**TRY IT**
At the line containing "- Chrbát ruky", begin an exact copy of the lines below and continue through the final one, with no pictures.

[Stored dataset items]

┄┄┄┄┄┄┄┄┄┄┄┄┄┄┄┄┄┄┄┄

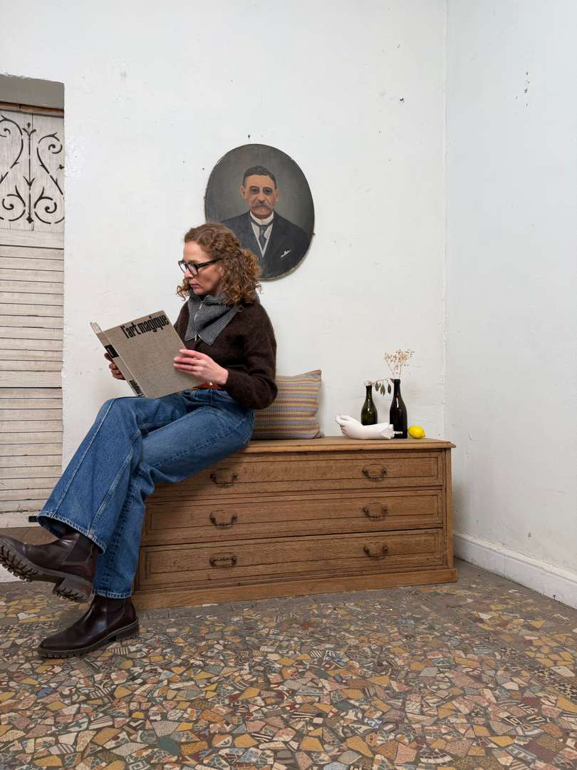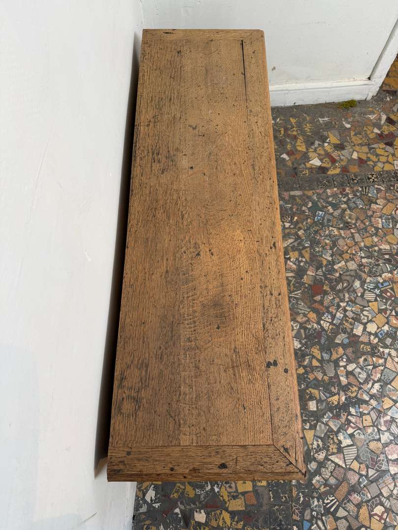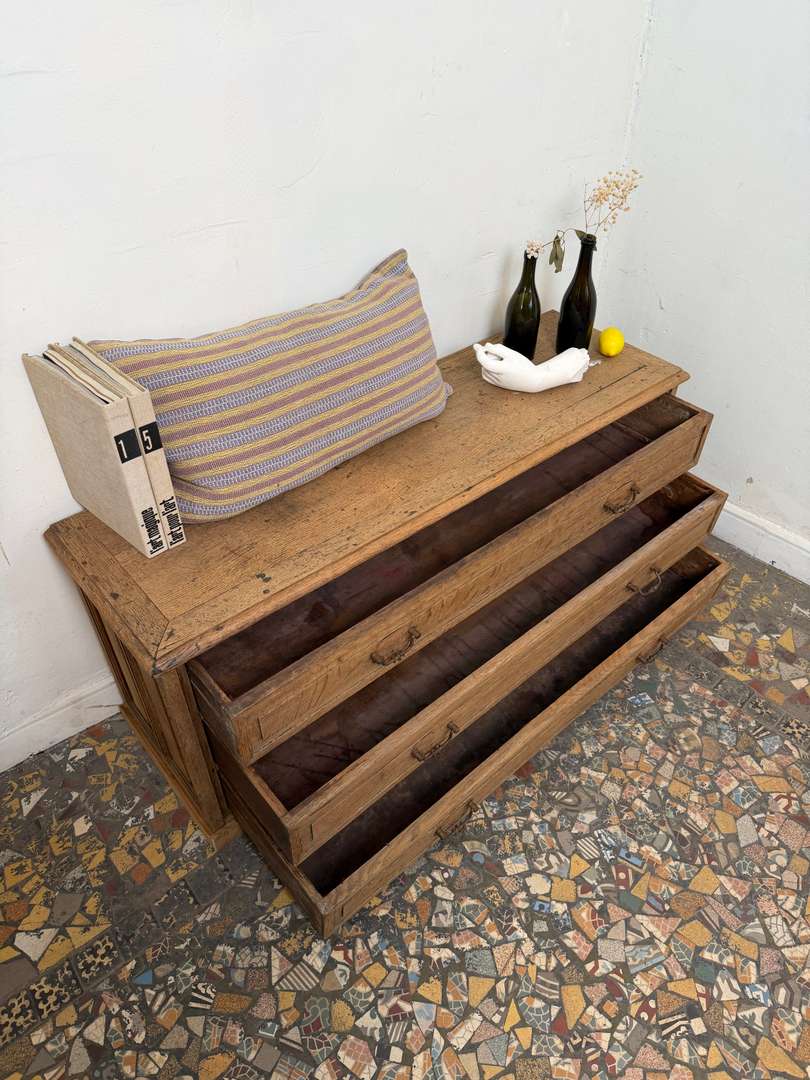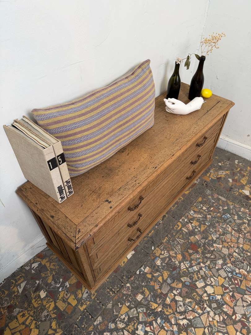 Ancien meuble bas en chêne datant du début du 20ᵉ siècle. Il est composé de trois tiroirs montés en queue d’aronde. Le bois présente une belle patine d’origine. Ce meuble peut aussi bien servir dans une entrée pour le rangement des chaussures qu’en meuble TV.
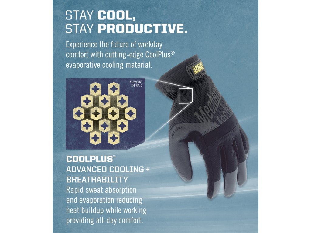 - Chrbát ruky z tkanej sieťoviny CoolPlus® znižuje hromadenie tepla počas práce.
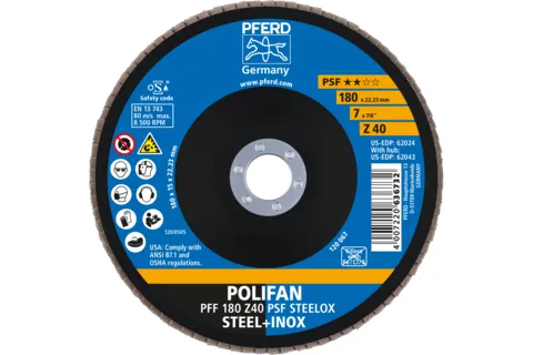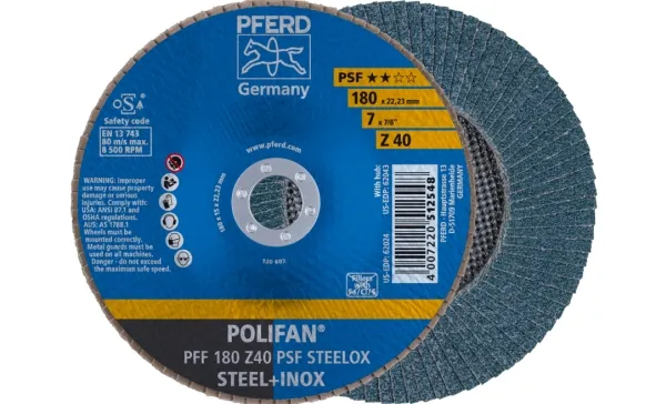 PFERD PFF 180 Z 40 PSF STEELOX, Metall, 8500 RPM, 18 cm, 10 stykker
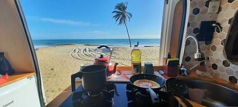 Estacionamento público de frente para o mar, na entrada da praia de Cumbuco. Local espaçoso e tranquilo, ao lado do condomínio Wai Wai. Possui uma torneira e excelente sinal de internet 4G. Sendo uma área pública, pets são bem-vindos sem problemas. Há um quiosque nas proximidades onde podemos obter eletricidade do proprietário. A polícia patrulha frequentemente, pois é um ponto turístico, o que proporciona muita segurança. Fica muito perto do centro da cidade, onde há um supermercado, bares, restaurantes, os mais populares quiosques de praia e outros serviços. Uma área movimentada, mas ainda muito calma para quem busca tranquilidade.
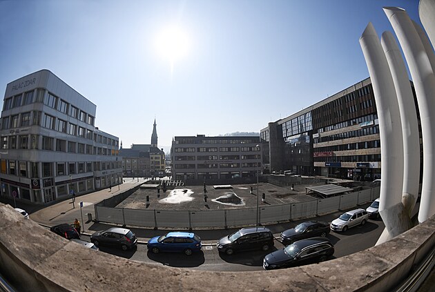 Staveniště na Mírovém náměstí v Ústí nad Labem, kterému se tady neřekne jinak než díra. Město ho koupilo před dvěma lety za 73 milionů s cílem, že tu dostaví polyfunkční dům. Zatím se ale nic neděje. (březen 2025)
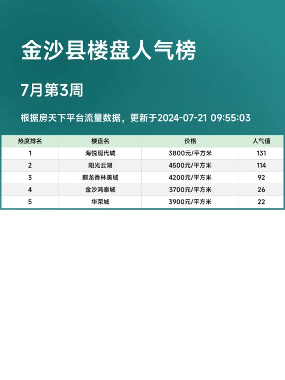 以上就是金沙县人气楼盘榜单中的前三名🏠,希望对正在选房的你有所帮助😉!
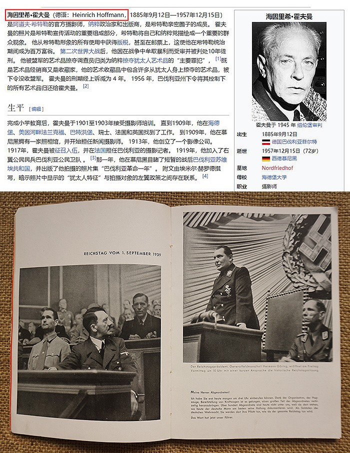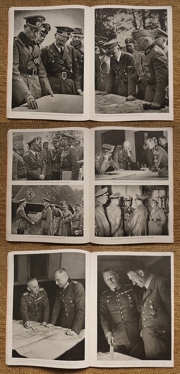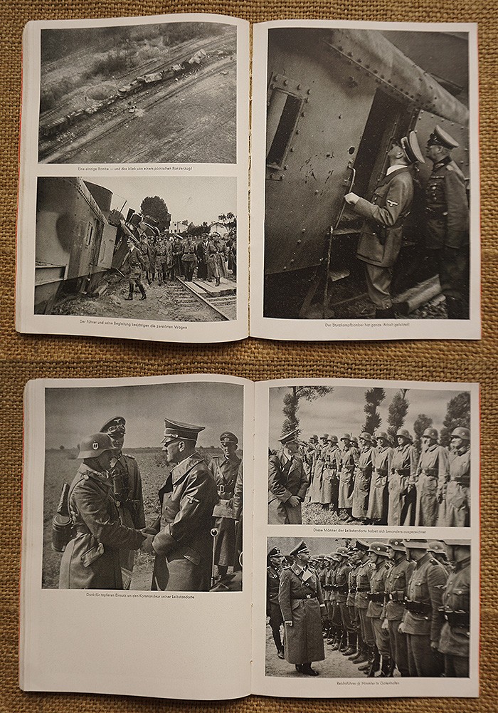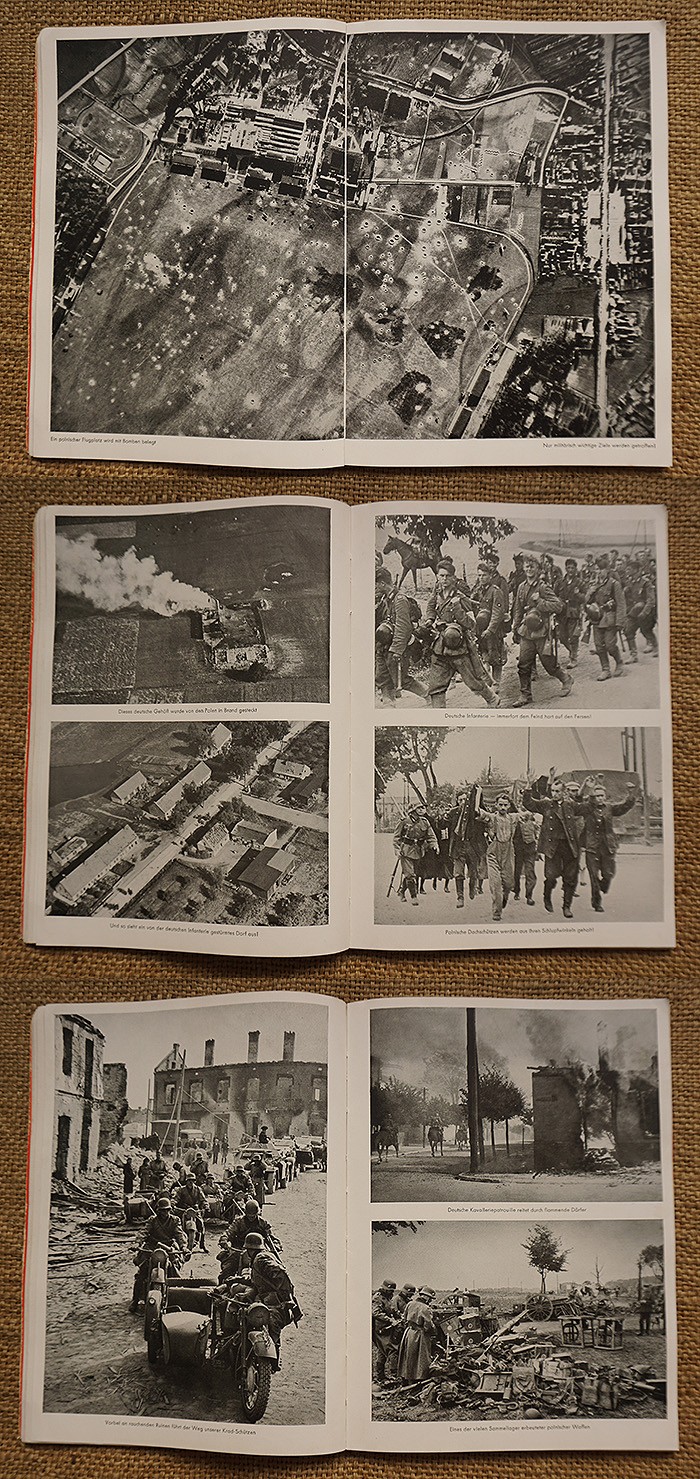 尺寸:19.5X26.3厘米,全书100张黑白照片,92页。图片内容论述了德国在入侵波兰前会议商讨计划并最终由元首签名下达入侵命令于1939年9月1日凌晨四点四十分正式行动,空军率先发起猛烈攻击,陆军势如破竹深入波兰腹地,元首亲赴前线指挥所听取战况汇报等等珍贵画面都被霍夫曼及时记录下来。

┄┄┄┄┄┄┄┄┄┄┄┄┄┄┄┄┄┄┄┄

**TASK ANSWER**
 - Chrbát ruky z tkanej sieťoviny CoolPlus® znižuje hromadenie tepla počas práce.
 PFERD PFF 180 Z 40 PSF STEELOX, Metall, 8500 RPM, 18 cm, 10 stykker
 Estacionamento público de frente para o mar, na entrada da praia de Cumbuco. Local espaçoso e tranquilo, ao lado do condomínio Wai Wai. Possui uma torneira e excelente sinal de internet 4G. Sendo uma área pública, pets são bem-vindos sem problemas. Há um quiosque nas proximidades onde podemos obter eletricidade do proprietário. A polícia patrulha frequentemente, pois é um ponto turístico, o que proporciona muita segurança. Fica muito perto do centro da cidade, onde há um supermercado, bares, restaurantes, os mais populares quiosques de praia e outros serviços. Uma área movimentada, mas ainda muito calma para quem busca tranquilidade.
 Staveniště na Mírovém náměstí v Ústí nad Labem, kterému se tady neřekne jinak než díra. Město ho koupilo před dvěma lety za 73 milionů s cílem, že tu dostaví polyfunkční dům. Zatím se ale nic neděje. (březen 2025)
 以上就是金沙县人气楼盘榜单中的前三名🏠,希望对正在选房的你有所帮助😉!
 尺寸:19.5X26.3厘米,全书100张黑白照片,92页。图片内容论述了德国在入侵波兰前会议商讨计划并最终由元首签名下达入侵命令于1939年9月1日凌晨四点四十分正式行动,空军率先发起猛烈攻击,陆军势如破竹深入波兰腹地,元首亲赴前线指挥所听取战况汇报等等珍贵画面都被霍夫曼及时记录下来。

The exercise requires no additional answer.